Task details |
Reproduce all the entries, matching the original word for word.

[Record excerpts — start]

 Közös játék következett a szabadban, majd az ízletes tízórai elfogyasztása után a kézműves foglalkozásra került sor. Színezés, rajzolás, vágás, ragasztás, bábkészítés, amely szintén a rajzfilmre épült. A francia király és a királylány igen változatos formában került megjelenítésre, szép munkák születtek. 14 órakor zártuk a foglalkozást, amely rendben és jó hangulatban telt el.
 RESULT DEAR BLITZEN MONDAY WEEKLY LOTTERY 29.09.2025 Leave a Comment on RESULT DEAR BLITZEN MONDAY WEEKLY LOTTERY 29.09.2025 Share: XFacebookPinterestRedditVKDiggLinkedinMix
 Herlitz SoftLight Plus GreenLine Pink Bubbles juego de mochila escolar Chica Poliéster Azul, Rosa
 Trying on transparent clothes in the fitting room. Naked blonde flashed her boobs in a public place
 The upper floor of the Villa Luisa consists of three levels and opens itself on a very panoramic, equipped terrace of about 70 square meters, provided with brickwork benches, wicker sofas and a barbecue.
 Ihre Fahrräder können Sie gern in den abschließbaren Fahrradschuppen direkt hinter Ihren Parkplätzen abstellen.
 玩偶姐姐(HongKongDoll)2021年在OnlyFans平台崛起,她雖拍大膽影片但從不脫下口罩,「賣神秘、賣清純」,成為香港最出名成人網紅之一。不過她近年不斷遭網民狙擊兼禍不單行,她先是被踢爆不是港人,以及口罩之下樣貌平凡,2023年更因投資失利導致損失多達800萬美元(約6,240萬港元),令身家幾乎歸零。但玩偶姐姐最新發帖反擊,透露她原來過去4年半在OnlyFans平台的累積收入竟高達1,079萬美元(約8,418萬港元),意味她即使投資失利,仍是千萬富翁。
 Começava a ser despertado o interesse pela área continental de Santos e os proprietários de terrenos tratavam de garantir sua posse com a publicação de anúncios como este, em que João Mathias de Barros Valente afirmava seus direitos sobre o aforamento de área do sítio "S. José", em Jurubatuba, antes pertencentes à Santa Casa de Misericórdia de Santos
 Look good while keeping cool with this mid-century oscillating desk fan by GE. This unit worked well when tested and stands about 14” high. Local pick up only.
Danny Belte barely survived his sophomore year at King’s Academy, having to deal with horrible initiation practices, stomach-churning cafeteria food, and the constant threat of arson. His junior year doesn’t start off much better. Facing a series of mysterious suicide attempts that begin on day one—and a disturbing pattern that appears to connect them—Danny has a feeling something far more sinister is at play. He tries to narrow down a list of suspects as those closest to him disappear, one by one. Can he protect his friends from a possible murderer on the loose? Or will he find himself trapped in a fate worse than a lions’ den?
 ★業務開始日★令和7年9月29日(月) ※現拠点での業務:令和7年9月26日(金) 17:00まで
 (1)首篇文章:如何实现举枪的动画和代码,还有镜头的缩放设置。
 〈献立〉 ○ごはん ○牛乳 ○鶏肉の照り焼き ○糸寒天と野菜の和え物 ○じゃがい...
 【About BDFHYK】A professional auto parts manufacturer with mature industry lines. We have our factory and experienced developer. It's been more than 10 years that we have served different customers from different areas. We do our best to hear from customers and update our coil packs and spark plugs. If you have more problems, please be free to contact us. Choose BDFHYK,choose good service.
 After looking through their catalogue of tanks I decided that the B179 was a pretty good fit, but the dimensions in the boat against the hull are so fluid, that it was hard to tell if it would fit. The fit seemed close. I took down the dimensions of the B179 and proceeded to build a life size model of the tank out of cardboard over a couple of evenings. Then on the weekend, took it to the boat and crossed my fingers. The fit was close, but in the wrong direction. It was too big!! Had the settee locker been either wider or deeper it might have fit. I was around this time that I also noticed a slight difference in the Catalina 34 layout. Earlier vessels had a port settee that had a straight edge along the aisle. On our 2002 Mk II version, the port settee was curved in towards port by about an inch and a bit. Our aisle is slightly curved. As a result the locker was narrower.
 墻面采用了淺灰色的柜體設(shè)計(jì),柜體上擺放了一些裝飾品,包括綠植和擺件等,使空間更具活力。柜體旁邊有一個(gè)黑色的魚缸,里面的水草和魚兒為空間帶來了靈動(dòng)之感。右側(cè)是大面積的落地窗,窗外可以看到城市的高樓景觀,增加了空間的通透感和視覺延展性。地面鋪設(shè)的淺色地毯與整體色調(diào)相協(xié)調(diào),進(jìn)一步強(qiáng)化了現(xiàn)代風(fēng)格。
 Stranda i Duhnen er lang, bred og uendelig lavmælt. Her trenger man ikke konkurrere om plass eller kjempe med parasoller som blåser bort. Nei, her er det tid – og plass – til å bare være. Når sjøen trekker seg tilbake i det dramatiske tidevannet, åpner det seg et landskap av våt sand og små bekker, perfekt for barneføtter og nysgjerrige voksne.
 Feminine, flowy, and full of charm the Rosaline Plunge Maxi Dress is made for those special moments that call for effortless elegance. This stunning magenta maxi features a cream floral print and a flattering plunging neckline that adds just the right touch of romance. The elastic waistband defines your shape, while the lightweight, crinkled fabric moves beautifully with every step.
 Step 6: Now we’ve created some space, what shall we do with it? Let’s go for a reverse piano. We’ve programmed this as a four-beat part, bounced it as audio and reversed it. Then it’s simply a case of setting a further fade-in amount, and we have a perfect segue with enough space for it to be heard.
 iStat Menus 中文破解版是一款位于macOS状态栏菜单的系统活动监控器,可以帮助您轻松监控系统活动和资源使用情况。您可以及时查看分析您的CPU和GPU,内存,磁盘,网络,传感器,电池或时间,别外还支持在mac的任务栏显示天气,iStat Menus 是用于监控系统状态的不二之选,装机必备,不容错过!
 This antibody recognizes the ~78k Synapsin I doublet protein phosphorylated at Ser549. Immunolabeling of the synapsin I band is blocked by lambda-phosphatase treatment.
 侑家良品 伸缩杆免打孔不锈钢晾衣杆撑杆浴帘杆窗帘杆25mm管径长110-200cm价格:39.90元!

[Record excerpts — finish]

Finished exercise |
 Közös játék következett a szabadban, majd az ízletes tízórai elfogyasztása után a kézműves foglalkozásra került sor. Színezés, rajzolás, vágás, ragasztás, bábkészítés, amely szintén a rajzfilmre épült. A francia király és a királylány igen változatos formában került megjelenítésre, szép munkák születtek. 14 órakor zártuk a foglalkozást, amely rendben és jó hangulatban telt el.
 RESULT DEAR BLITZEN MONDAY WEEKLY LOTTERY 29.09.2025 Leave a Comment on RESULT DEAR BLITZEN MONDAY WEEKLY LOTTERY 29.09.2025 Share: XFacebookPinterestRedditVKDiggLinkedinMix
 Herlitz SoftLight Plus GreenLine Pink Bubbles juego de mochila escolar Chica Poliéster Azul, Rosa
 Trying on transparent clothes in the fitting room. Naked blonde flashed her boobs in a public place
 The upper floor of the Villa Luisa consists of three levels and opens itself on a very panoramic, equipped terrace of about 70 square meters, provided with brickwork benches, wicker sofas and a barbecue.
 Ihre Fahrräder können Sie gern in den abschließbaren Fahrradschuppen direkt hinter Ihren Parkplätzen abstellen.
 玩偶姐姐(HongKongDoll)2021年在OnlyFans平台崛起,她雖拍大膽影片但從不脫下口罩,「賣神秘、賣清純」,成為香港最出名成人網紅之一。不過她近年不斷遭網民狙擊兼禍不單行,她先是被踢爆不是港人,以及口罩之下樣貌平凡,2023年更因投資失利導致損失多達800萬美元(約6,240萬港元),令身家幾乎歸零。但玩偶姐姐最新發帖反擊,透露她原來過去4年半在OnlyFans平台的累積收入竟高達1,079萬美元(約8,418萬港元),意味她即使投資失利,仍是千萬富翁。
 Começava a ser despertado o interesse pela área continental de Santos e os proprietários de terrenos tratavam de garantir sua posse com a publicação de anúncios como este, em que João Mathias de Barros Valente afirmava seus direitos sobre o aforamento de área do sítio "S. José", em Jurubatuba, antes pertencentes à Santa Casa de Misericórdia de Santos
 Look good while keeping cool with this mid-century oscillating desk fan by GE. This unit worked well when tested and stands about 14” high. Local pick up only.
Danny Belte barely survived his sophomore year at King’s Academy, having to deal with horrible initiation practices, stomach-churning cafeteria food, and the constant threat of arson. His junior year doesn’t start off much better. Facing a series of mysterious suicide attempts that begin on day one—and a disturbing pattern that appears to connect them—Danny has a feeling something far more sinister is at play. He tries to narrow down a list of suspects as those closest to him disappear, one by one. Can he protect his friends from a possible murderer on the loose? Or will he find himself trapped in a fate worse than a lions’ den?
 ★業務開始日★令和7年9月29日(月) ※現拠点での業務:令和7年9月26日(金) 17:00まで
 (1)首篇文章:如何实现举枪的动画和代码,还有镜头的缩放设置。
 〈献立〉 ○ごはん ○牛乳 ○鶏肉の照り焼き ○糸寒天と野菜の和え物 ○じゃがい...
 【About BDFHYK】A professional auto parts manufacturer with mature industry lines. We have our factory and experienced developer. It's been more than 10 years that we have served different customers from different areas. We do our best to hear from customers and update our coil packs and spark plugs. If you have more problems, please be free to contact us. Choose BDFHYK,choose good service.
 After looking through their catalogue of tanks I decided that the B179 was a pretty good fit, but the dimensions in the boat against the hull are so fluid, that it was hard to tell if it would fit. The fit seemed close. I took down the dimensions of the B179 and proceeded to build a life size model of the tank out of cardboard over a couple of evenings. Then on the weekend, took it to the boat and crossed my fingers. The fit was close, but in the wrong direction. It was too big!! Had the settee locker been either wider or deeper it might have fit. I was around this time that I also noticed a slight difference in the Catalina 34 layout. Earlier vessels had a port settee that had a straight edge along the aisle. On our 2002 Mk II version, the port settee was curved in towards port by about an inch and a bit. Our aisle is slightly curved. As a result the locker was narrower.
 墻面采用了淺灰色的柜體設(shè)計(jì),柜體上擺放了一些裝飾品,包括綠植和擺件等,使空間更具活力。柜體旁邊有一個(gè)黑色的魚缸,里面的水草和魚兒為空間帶來了靈動(dòng)之感。右側(cè)是大面積的落地窗,窗外可以看到城市的高樓景觀,增加了空間的通透感和視覺延展性。地面鋪設(shè)的淺色地毯與整體色調(diào)相協(xié)調(diào),進(jìn)一步強(qiáng)化了現(xiàn)代風(fēng)格。
 Stranda i Duhnen er lang, bred og uendelig lavmælt. Her trenger man ikke konkurrere om plass eller kjempe med parasoller som blåser bort. Nei, her er det tid – og plass – til å bare være. Når sjøen trekker seg tilbake i det dramatiske tidevannet, åpner det seg et landskap av våt sand og små bekker, perfekt for barneføtter og nysgjerrige voksne.
 Feminine, flowy, and full of charm the Rosaline Plunge Maxi Dress is made for those special moments that call for effortless elegance. This stunning magenta maxi features a cream floral print and a flattering plunging neckline that adds just the right touch of romance. The elastic waistband defines your shape, while the lightweight, crinkled fabric moves beautifully with every step.
 Step 6: Now we’ve created some space, what shall we do with it? Let’s go for a reverse piano. We’ve programmed this as a four-beat part, bounced it as audio and reversed it. Then it’s simply a case of setting a further fade-in amount, and we have a perfect segue with enough space for it to be heard.
 iStat Menus 中文破解版是一款位于macOS状态栏菜单的系统活动监控器,可以帮助您轻松监控系统活动和资源使用情况。您可以及时查看分析您的CPU和GPU,内存,磁盘,网络,传感器,电池或时间,别外还支持在mac的任务栏显示天气,iStat Menus 是用于监控系统状态的不二之选,装机必备,不容错过!
 This antibody recognizes the ~78k Synapsin I doublet protein phosphorylated at Ser549. Immunolabeling of the synapsin I band is blocked by lambda-phosphatase treatment.
 侑家良品 伸缩杆免打孔不锈钢晾衣杆撑杆浴帘杆窗帘杆25mm管径长110-200cm价格:39.90元!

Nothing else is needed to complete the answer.